Decentralized finance (DeFi) can no longer rely on inflationary token incentives to sustain growth, according to Curve Finance founder Michael Egorov.
In an interview with Cointelegraph, Egorov said protocols must generate real revenue rather than depend on emissions to attract liquidity.
“Your yield should come from revenues, not from tokens,” Egorov told Cointelegraph. “You need real revenues flowing.” He added that if a token “is not doing something, maybe it’s better for you to not do token at all.”
Egorov contrasted the current environment with the “DeFi summer” of 2020, when triple-digit and even 1,000% annual percentage rates drew capital into new protocols. He said that at the time, speculative premiums drove token prices and bootstrapped total value locked (TVL) for protocols.

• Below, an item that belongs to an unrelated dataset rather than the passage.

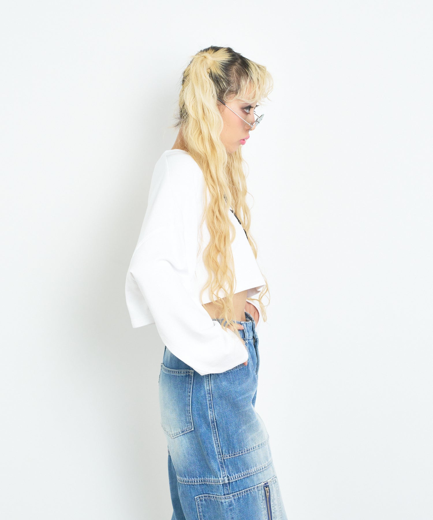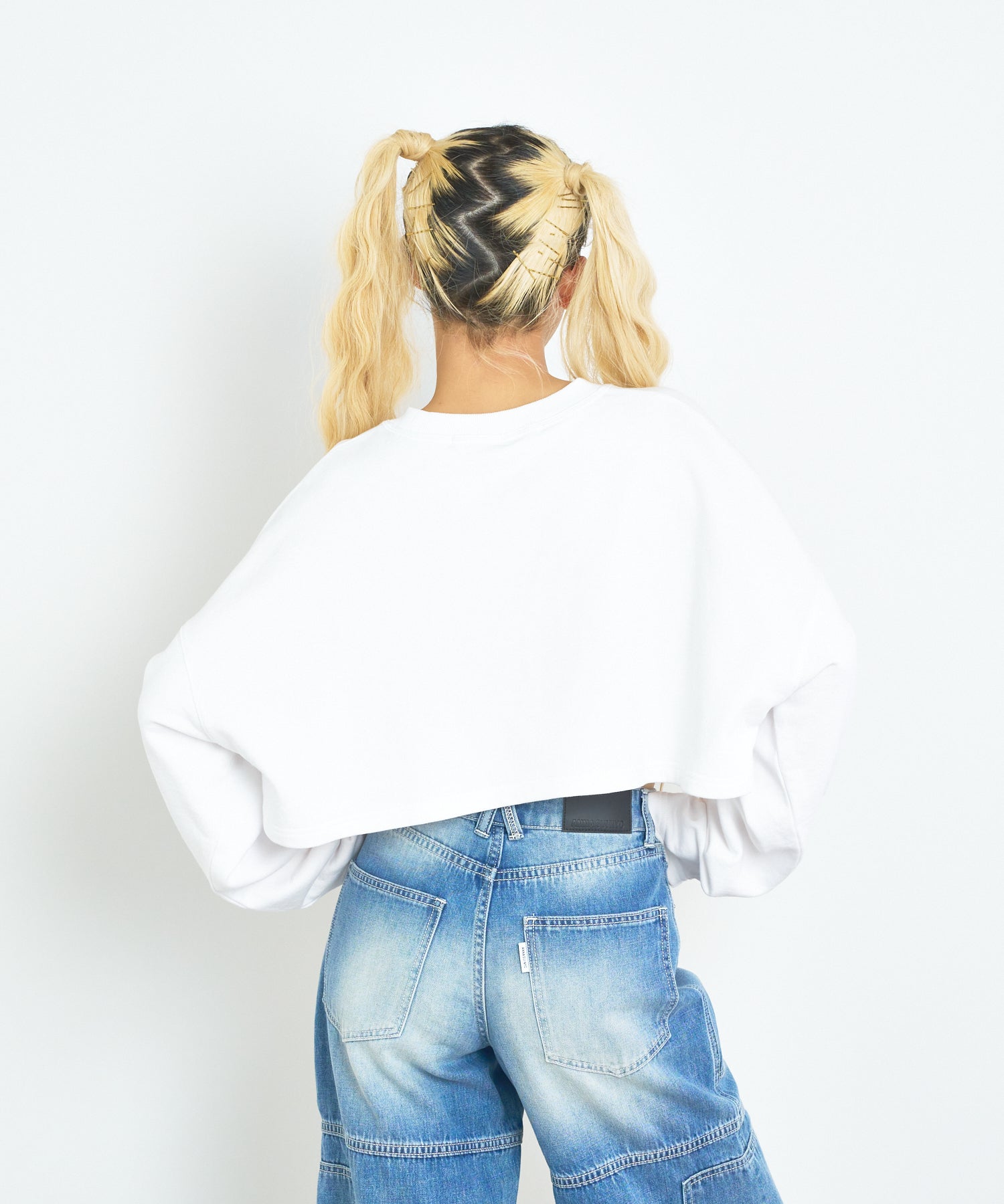モコモコした立体感が特徴的なサガラ刺繍を施したスウェット。ゆったりとした着心地ながら、抜け感のある短丈が今っぽさをぐっと引き立ててくれます。シャツやカットソーなどとレイヤードを楽しんでも◎

“Right now, news doesn’t change prices of tokens anymore,” he told Cointelegraph, arguing that users have “re-evaluated the risks.”
His comments come as DeFi’s TVL has fallen about 38% over the past six months, according to DefiLlama. Data from the analytics platform shows TVL dropped from $158 billion on Aug. 23, 2025, to about $98 billion as of Monday.
Curve founder says revenue integration is better than emissions-driven yield
Egorov said protocols “cannot live without real revenues flowing,” arguing that sustainable returns must be tied to actual economic activity.
While token emissions once helped projects accumulate liquidity quickly, he argued that sustainable returns must be tied to actual economic activity.
“In 2020, people didn’t care that much about risks,” Egorov said. High token rewards could offset losses if projects later failed.
“Right now, it’s absolutely impossible. If you deposit something somewhere, you need to be sure that technically the protocol is safe for at least years.”
He also linked tokens to decentralization rather than speculation. Without decentralized governance, he said, a project risks being treated as a regulated financial service.
“Tokens are needed for decentralization, not for getting rich quickly,” he said.
Earlier commentary has echoed similar concerns. In an opinion piece for Cointelegraph, Polygon Labs CEO Marc Boiron wrote that inflationary emissions only create “temporary illusions of success.”
The discussions on DeFi and centralized yield products have also recently resurfaced on social media.
On Feb. 9, Ethereum co-founder Vitalik Buterin argued that DeFi's real value lies in redistributing risk rather than simply generating returns on fiat-backed assets.
Related: Hyperliquid launches DeFi lobby amid ‘critical time’ for US policy
From speculation to durability
Egorov also said speculative attention has shifted. “All the speculative premiums were stolen away by meme coins,” he said, suggesting DeFi tokens now trade more on fundamentals than hype.
He told Cointelegraph that this dynamic makes it harder to attract “mercenary capital” that moves quickly between protocols in search of the highest yield.
He also pointed to a changing market structure. Retail traders have gravitated toward perpetual futures markets, while institutional participants increasingly accumulate spot assets.
Defillama data shows perpetual futures volume reached $1.37 trillion in October 2025.
According to Egorov, durable onchain businesses will need to compete on revenue generation and capital efficiency rather than headline annual percentage yields.